### Records from a data source

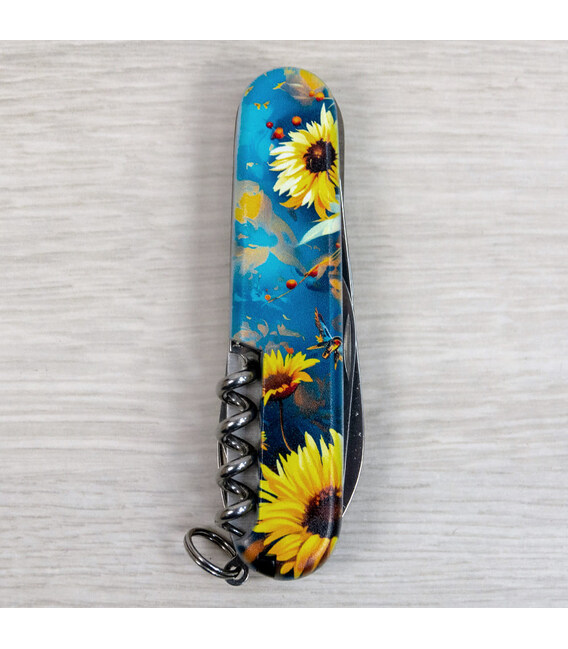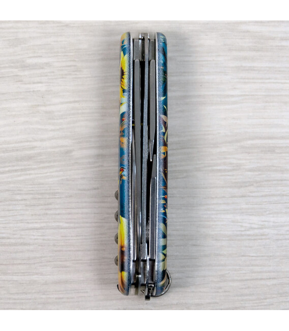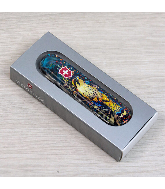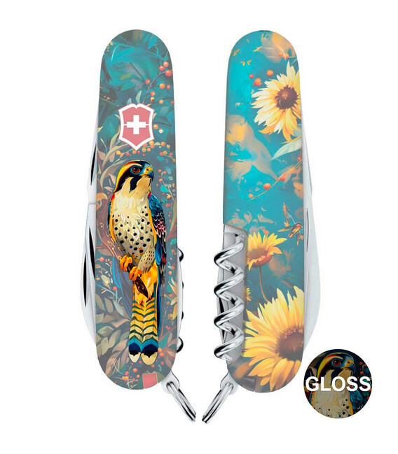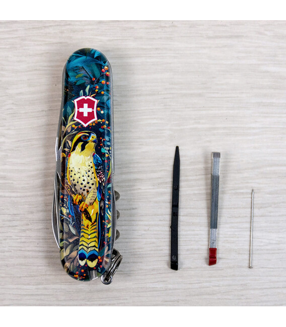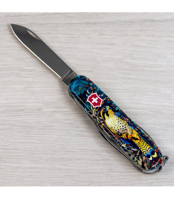 Швейцарский складной нож CAMPER UKRAINE [Величественный Сокол] с качественной цветной печатью на обеих накладках и комбинированным матово-глянцевым лаковым покрытием. Профессиональное выполнение дизайна в украинской стилистике. Специальное эстетичное предложение для украинских поклонников и коллекционеров бренда Victorinox.Карманный нож CAMPER с супер острой пилой по дереву, поэтому идеальный выбор для туристов и всех, кто любит проводить время на свежем воздухе. Эта эксклюзивная модель получила дополнительно в комплектацию еще и булавку. Полезный для средних складных ножей инструментарий с компактным трехрядным размещением инструментов. Практичный и знаковый подарок в красивой упаковке с прозрачным окошком, что позволяет видеть дизайн сразу и подчеркивает эксклюзивность подарка.Складной нож Victorinox 1.3613.3.T3180pw✔ Спецвыпуск VICTORINOX UKRAINE (начало выпуска 2024 год, доступен только в Украине).✔ Эксклюзивный дизайн [Величественный Сокол] в комплектации ножа CAMPER.✔ Тип нанесения рисунка: цифровая полноцветная запечатка на оригинальных пластиковых накладках.✔ Матово-глянцевый дизайн (MAT/GLOSS): накладки покрыты матовым лаком, а сокол - глянцевым.✔ Печать и покрытие лаком на высококачественном профессиональном оборудовании в Украине.✔ Замена пинцета на красный, а зубочистки на черную для гармоничного сочетания с дизайном.✔ В комплектацию добавлена булавка.✔ Количество функций: 13+1.✔ Средний размер складного ножа: длина 91 мм – ширина 26 мм – толщина 18 мм✔ Презентабельная подарочная коробка Victorinox с прозрачным окошком (внутри – оригинальный сертификат-гарантия).✔ Нож изготовлен в Швейцарии.✔ Victorinox AG гарантирует, что все ножи из первоклассной нержавеющей стали.1. лезвие длиной 6 см2. лезвие длиной 3,5 см3-5. открывалка для бутылок с плоской отверткой 6 мм на конце и пазом для изоляции6-7. консервный нож с плоской отверткой 3 мм на конце8. пила по дереву9. шило с функцией кернера или дырокола10. пинцет в передней накладке11. зубочистка в задней накладке12. штопор13. стальное кольцо14. булавка (в слоте возле штопора)
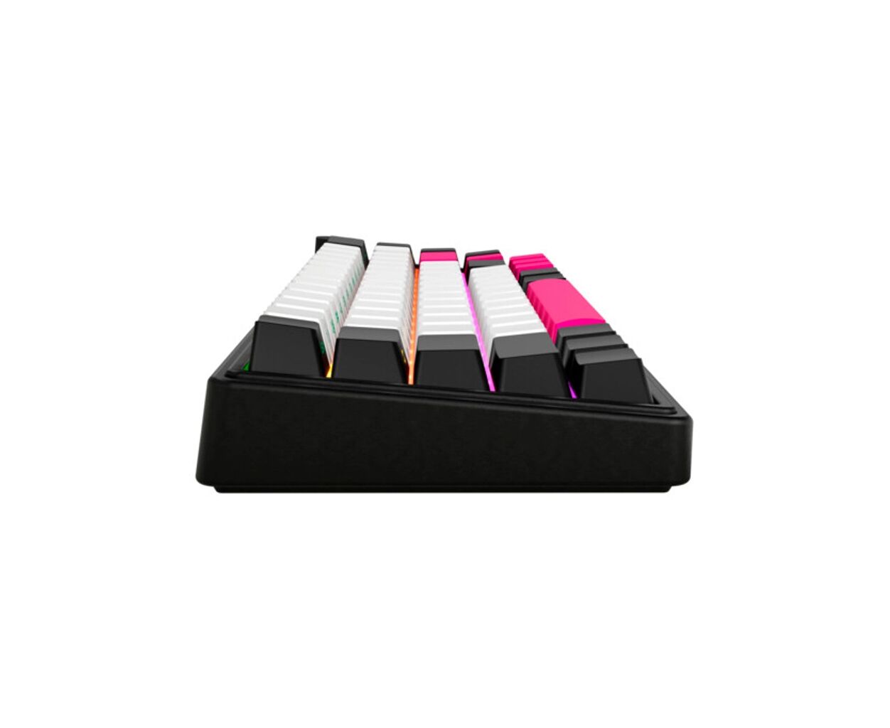 Преимущества такой компактной клавиатуры, как 65% формат с 66 клавишами, позволяют сэкономить пространство, не жертвуя при этом функциональностью. Прочные колпачки клавиш из ABS-пластика, отделанные красными акцентами, придают стильной клавиатуре эстетическое очарование.
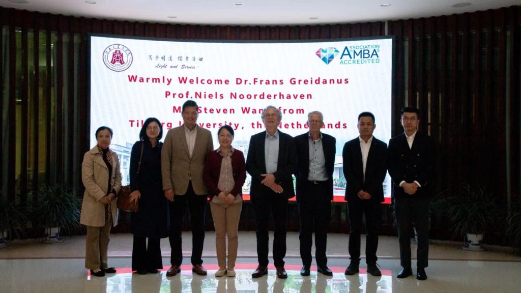 On the afternoon of November 8, a delegation from Tilburg University, consisting of Dr. Frans Greidanus, Board advisor and Professor of Qiushi Lecture, and Professor Niels Noorderhaven, Deputy Dean of the School of Economics and Management, visited Jiangnan University. They were accompanied by Mr. Wang Xu, Representative of North Brabang Province of the Netherlands to Jiangsu, and Mr. Long Xin of the Foreign Affairs Office of Wuxi Municipality. The delegation had an exchange meeting with representatives from Jiangnan University, including Cai Jianying, Deputy Director of International Exchange and Cooperation Office, Pu Xujin, Dean of the Business School, and Gong Xiaobin, Dean of the College of International Education.
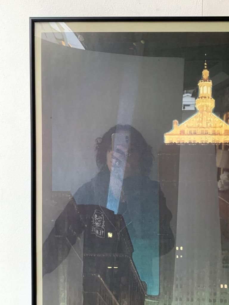 当時のニューヨークの近代建築の象徴「New York Central Building」。黄金色の塔頂部が強調され、下部の街路から空へと導く構図は、アールデコ建築の理想を体現しています。
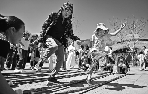 Tourists experience the local bamboo dance with residents of Maona village, Hainan province, on Wednesday, in celebration of Spring Festival.
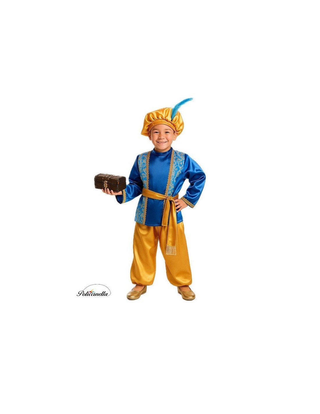 Tradizionale costume da paggetto, elegante e ricco di dettagli. Include una camicia in morbido raso con chiusura a strappo sul retro del collo, decorata sul davanti con stoffa dall'effetto broccato dorato e con delicata passamaneria, presente anche sulle maniche. Il completo si completa con un pantalone con elastico in vita e alle caviglie, una cintura e il caratteristico cappello decorato con piuma e elastico posteriore per una comoda vestibilità, realizzati nello stesso tessuto coordinato. Un abito appariscente e comodo per l'occasione!
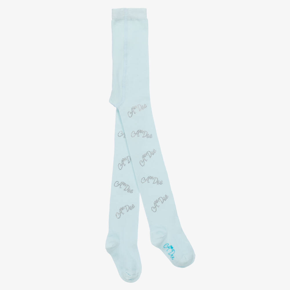 Pretty pale blue tights for girls by A Dee, made in a soft and stretchy cotton-rich blend. Comfortable for all-day wear, they have sparkly diamanté logos on each leg.
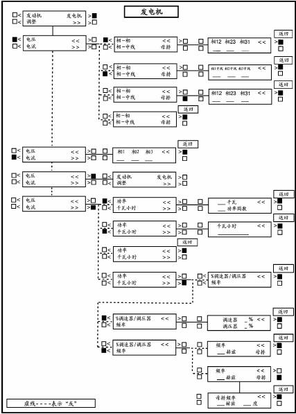 如果需要顯示發(fā)電機(jī)參數(shù),如電壓、電流、輸出功率(千瓦)和頻率,按顯示屏上“GEN”附近的按鍵,通過此功能分支還可以查看母排電壓、頻率和數(shù)字式同步信息。參考本章GENMENU(發(fā)電機(jī)功能)。如果需要調(diào)整輸出電壓、頻率或起動(dòng)和停機(jī)延時(shí)等,按顯示屏上“ADJUST”(調(diào)整)附近的按鍵,參考第5章“ADJUSTMENU”(調(diào)整功能)。
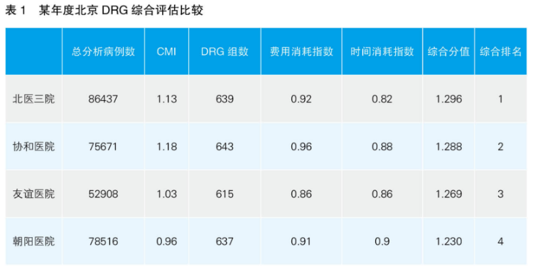 另外,DRG系統(tǒng)中的參數(shù)還可以用來橫向比較各個醫(yī)院的臨床治療綜合水平。如表1所示,北京協(xié)和醫(yī)院CMI和總DRG組數(shù)(即病例構(gòu)成的寬度)均在所有參比醫(yī)院中處于領(lǐng)先地位,但在綜合參考費用和時間消耗因素上落后,綜合排名位列第二。DRG相關(guān)指標(biāo)能將以前難以量化的醫(yī)療服務(wù)質(zhì)量轉(zhuǎn)變?yōu)榭闪炕闹笜?biāo),使醫(yī)院和科室的雙橫向比較成為可能。而且醫(yī)院和科室之間科學(xué)量化的比較,能使優(yōu)勢醫(yī)院和科室更透明,這將促進(jìn)醫(yī)院科室之間對高新技術(shù)引進(jìn)和應(yīng)用的競爭。
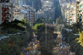 Around 350,000 people rallied in downtown Barcelona on Saturday, turning the streets into a sea of independence flags in the latest mass protest against Spain's jailing of nine separatist leaders.
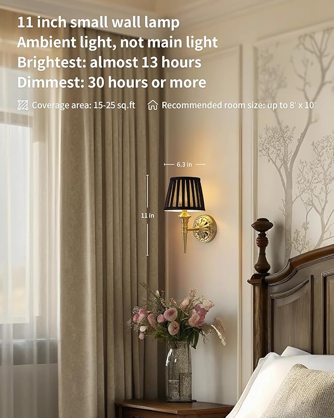- Easy to install: This modern wall sconce can cover an area of 15-25 square feet, Recommended room dimensions: 8’x10’or smaller. Screw the base plate to the wall and secure the wall sconce to the base plate. The base plate can be easily removed for charging. The baseplate has a Type-C charging port.
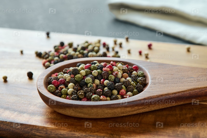 Разнообразие цветных перцев на деревянной ложке, специи, макросе
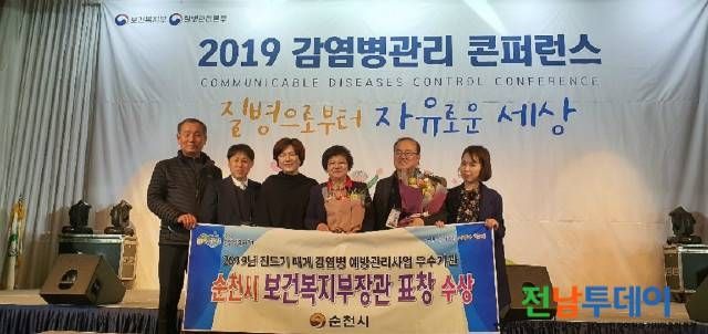 【전남투데이 구정준 기자】순천시보건소는 지난 22일(금) 2019 감염병관리 콘퍼런스에서 ‘진드기 매개 감염병 예방관리 사업’평가 결과 우수기관으로 선정돼 보건복지부장관상을 수상했다고 전했다.
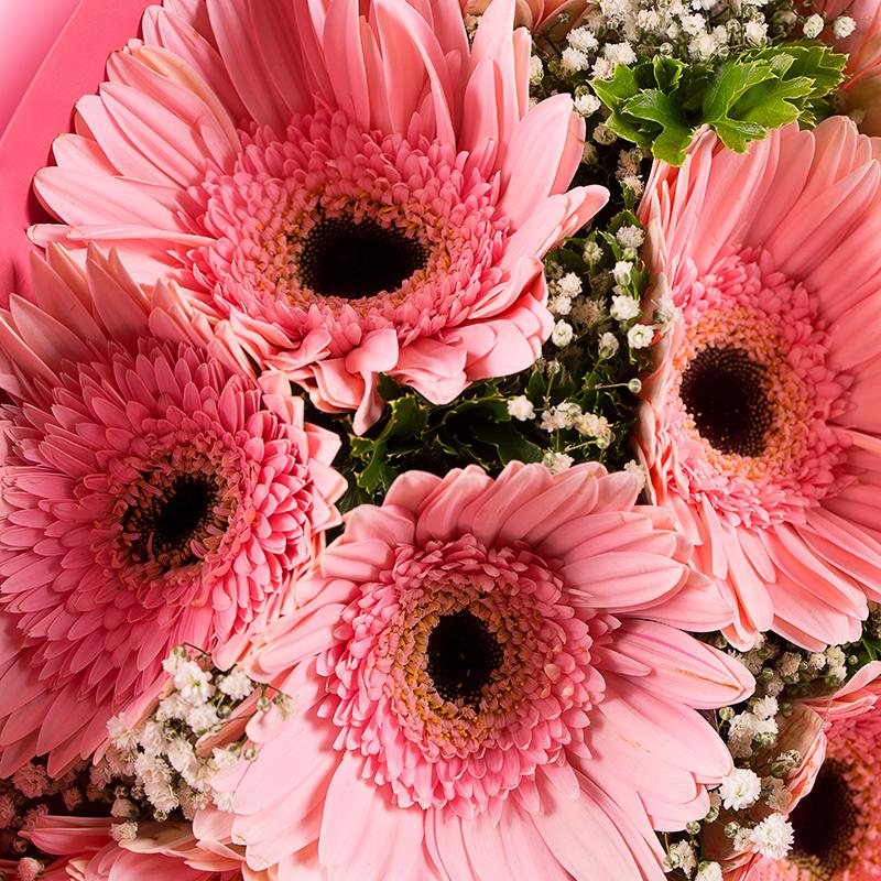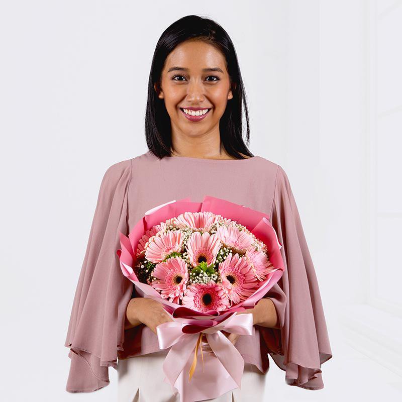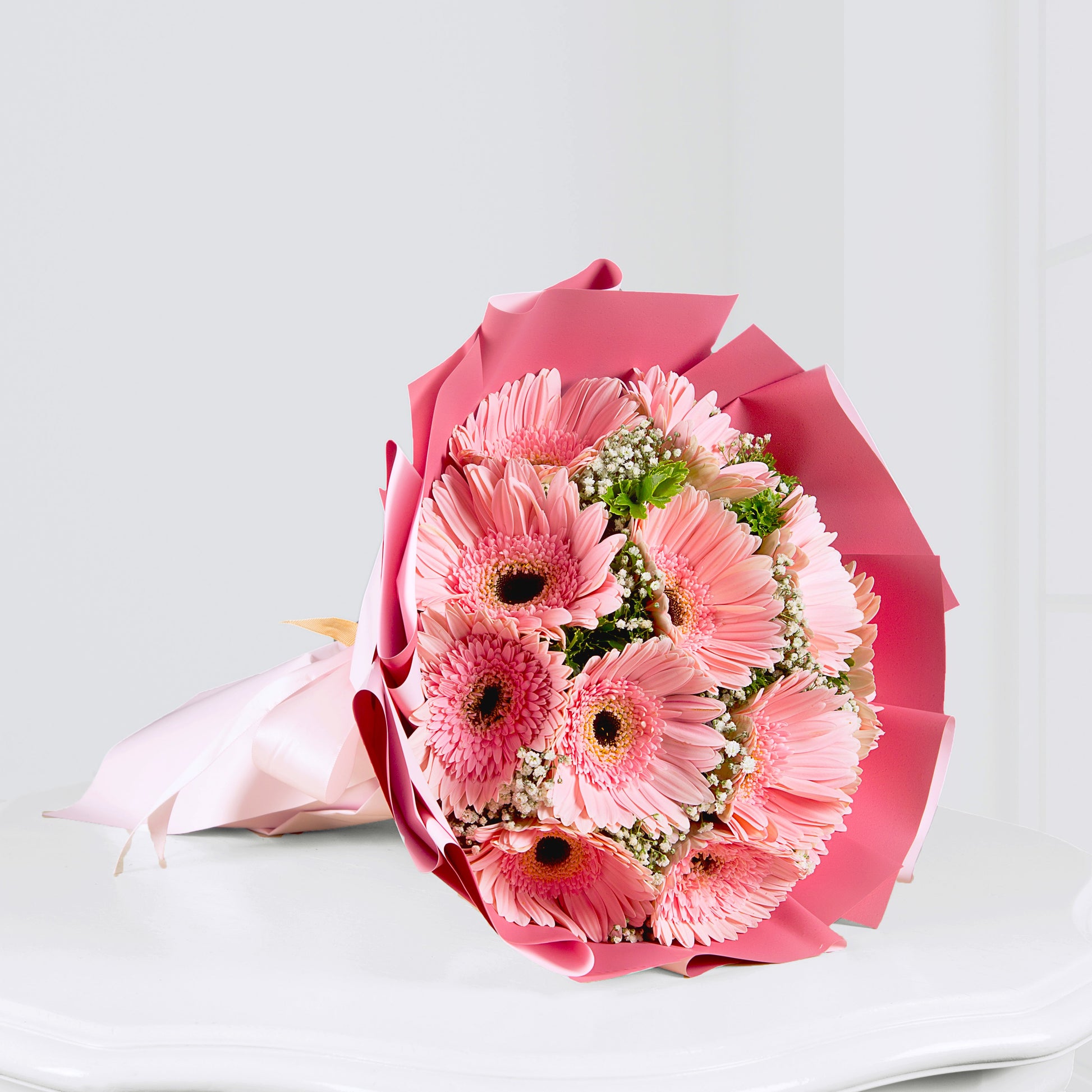 Beautiful pink Gerbera bouquet with fancy wrapping. Consists of 12 fresh Gerbera stalks. Gerbera flowers grow in a bright and beautiful place. And this is reflected from their own look. Rather than giving a red Rose, this Gerbera is perfect to be given to a neighbor, siblings or grandmother.

### Assigned task
Leave out every picture and transcribe the remaining entries exactly.

### Task output
 Швейцарский складной нож CAMPER UKRAINE [Величественный Сокол] с качественной цветной печатью на обеих накладках и комбинированным матово-глянцевым лаковым покрытием. Профессиональное выполнение дизайна в украинской стилистике. Специальное эстетичное предложение для украинских поклонников и коллекционеров бренда Victorinox.Карманный нож CAMPER с супер острой пилой по дереву, поэтому идеальный выбор для туристов и всех, кто любит проводить время на свежем воздухе. Эта эксклюзивная модель получила дополнительно в комплектацию еще и булавку. Полезный для средних складных ножей инструментарий с компактным трехрядным размещением инструментов. Практичный и знаковый подарок в красивой упаковке с прозрачным окошком, что позволяет видеть дизайн сразу и подчеркивает эксклюзивность подарка.Складной нож Victorinox 1.3613.3.T3180pw✔ Спецвыпуск VICTORINOX UKRAINE (начало выпуска 2024 год, доступен только в Украине).✔ Эксклюзивный дизайн [Величественный Сокол] в комплектации ножа CAMPER.✔ Тип нанесения рисунка: цифровая полноцветная запечатка на оригинальных пластиковых накладках.✔ Матово-глянцевый дизайн (MAT/GLOSS): накладки покрыты матовым лаком, а сокол - глянцевым.✔ Печать и покрытие лаком на высококачественном профессиональном оборудовании в Украине.✔ Замена пинцета на красный, а зубочистки на черную для гармоничного сочетания с дизайном.✔ В комплектацию добавлена булавка.✔ Количество функций: 13+1.✔ Средний размер складного ножа: длина 91 мм – ширина 26 мм – толщина 18 мм✔ Презентабельная подарочная коробка Victorinox с прозрачным окошком (внутри – оригинальный сертификат-гарантия).✔ Нож изготовлен в Швейцарии.✔ Victorinox AG гарантирует, что все ножи из первоклассной нержавеющей стали.1. лезвие длиной 6 см2. лезвие длиной 3,5 см3-5. открывалка для бутылок с плоской отверткой 6 мм на конце и пазом для изоляции6-7. консервный нож с плоской отверткой 3 мм на конце8. пила по дереву9. шило с функцией кернера или дырокола10. пинцет в передней накладке11. зубочистка в задней накладке12. штопор13. стальное кольцо14. булавка (в слоте возле штопора)
 Преимущества такой компактной клавиатуры, как 65% формат с 66 клавишами, позволяют сэкономить пространство, не жертвуя при этом функциональностью. Прочные колпачки клавиш из ABS-пластика, отделанные красными акцентами, придают стильной клавиатуре эстетическое очарование.
 On the afternoon of November 8, a delegation from Tilburg University, consisting of Dr. Frans Greidanus, Board advisor and Professor of Qiushi Lecture, and Professor Niels Noorderhaven, Deputy Dean of the School of Economics and Management, visited Jiangnan University. They were accompanied by Mr. Wang Xu, Representative of North Brabang Province of the Netherlands to Jiangsu, and Mr. Long Xin of the Foreign Affairs Office of Wuxi Municipality. The delegation had an exchange meeting with representatives from Jiangnan University, including Cai Jianying, Deputy Director of International Exchange and Cooperation Office, Pu Xujin, Dean of the Business School, and Gong Xiaobin, Dean of the College of International Education.
 当時のニューヨークの近代建築の象徴「New York Central Building」。黄金色の塔頂部が強調され、下部の街路から空へと導く構図は、アールデコ建築の理想を体現しています。
 Tourists experience the local bamboo dance with residents of Maona village, Hainan province, on Wednesday, in celebration of Spring Festival.
 Tradizionale costume da paggetto, elegante e ricco di dettagli. Include una camicia in morbido raso con chiusura a strappo sul retro del collo, decorata sul davanti con stoffa dall'effetto broccato dorato e con delicata passamaneria, presente anche sulle maniche. Il completo si completa con un pantalone con elastico in vita e alle caviglie, una cintura e il caratteristico cappello decorato con piuma e elastico posteriore per una comoda vestibilità, realizzati nello stesso tessuto coordinato. Un abito appariscente e comodo per l'occasione!
 Pretty pale blue tights for girls by A Dee, made in a soft and stretchy cotton-rich blend. Comfortable for all-day wear, they have sparkly diamanté logos on each leg.
 如果需要顯示發(fā)電機(jī)參數(shù),如電壓、電流、輸出功率(千瓦)和頻率,按顯示屏上“GEN”附近的按鍵,通過此功能分支還可以查看母排電壓、頻率和數(shù)字式同步信息。參考本章GENMENU(發(fā)電機(jī)功能)。如果需要調(diào)整輸出電壓、頻率或起動(dòng)和停機(jī)延時(shí)等,按顯示屏上“ADJUST”(調(diào)整)附近的按鍵,參考第5章“ADJUSTMENU”(調(diào)整功能)。
 另外,DRG系統(tǒng)中的參數(shù)還可以用來橫向比較各個醫(yī)院的臨床治療綜合水平。如表1所示,北京協(xié)和醫(yī)院CMI和總DRG組數(shù)(即病例構(gòu)成的寬度)均在所有參比醫(yī)院中處于領(lǐng)先地位,但在綜合參考費用和時間消耗因素上落后,綜合排名位列第二。DRG相關(guān)指標(biāo)能將以前難以量化的醫(yī)療服務(wù)質(zhì)量轉(zhuǎn)變?yōu)榭闪炕闹笜?biāo),使醫(yī)院和科室的雙橫向比較成為可能。而且醫(yī)院和科室之間科學(xué)量化的比較,能使優(yōu)勢醫(yī)院和科室更透明,這將促進(jìn)醫(yī)院科室之間對高新技術(shù)引進(jìn)和應(yīng)用的競爭。
 Around 350,000 people rallied in downtown Barcelona on Saturday, turning the streets into a sea of independence flags in the latest mass protest against Spain's jailing of nine separatist leaders.
- Easy to install: This modern wall sconce can cover an area of 15-25 square feet, Recommended room dimensions: 8’x10’or smaller. Screw the base plate to the wall and secure the wall sconce to the base plate. The base plate can be easily removed for charging. The baseplate has a Type-C charging port.
 Разнообразие цветных перцев на деревянной ложке, специи, макросе
 【전남투데이 구정준 기자】순천시보건소는 지난 22일(금) 2019 감염병관리 콘퍼런스에서 ‘진드기 매개 감염병 예방관리 사업’평가 결과 우수기관으로 선정돼 보건복지부장관상을 수상했다고 전했다.
 Beautiful pink Gerbera bouquet with fancy wrapping. Consists of 12 fresh Gerbera stalks. Gerbera flowers grow in a bright and beautiful place. And this is reflected from their own look. Rather than giving a red Rose, this Gerbera is perfect to be given to a neighbor, siblings or grandmother.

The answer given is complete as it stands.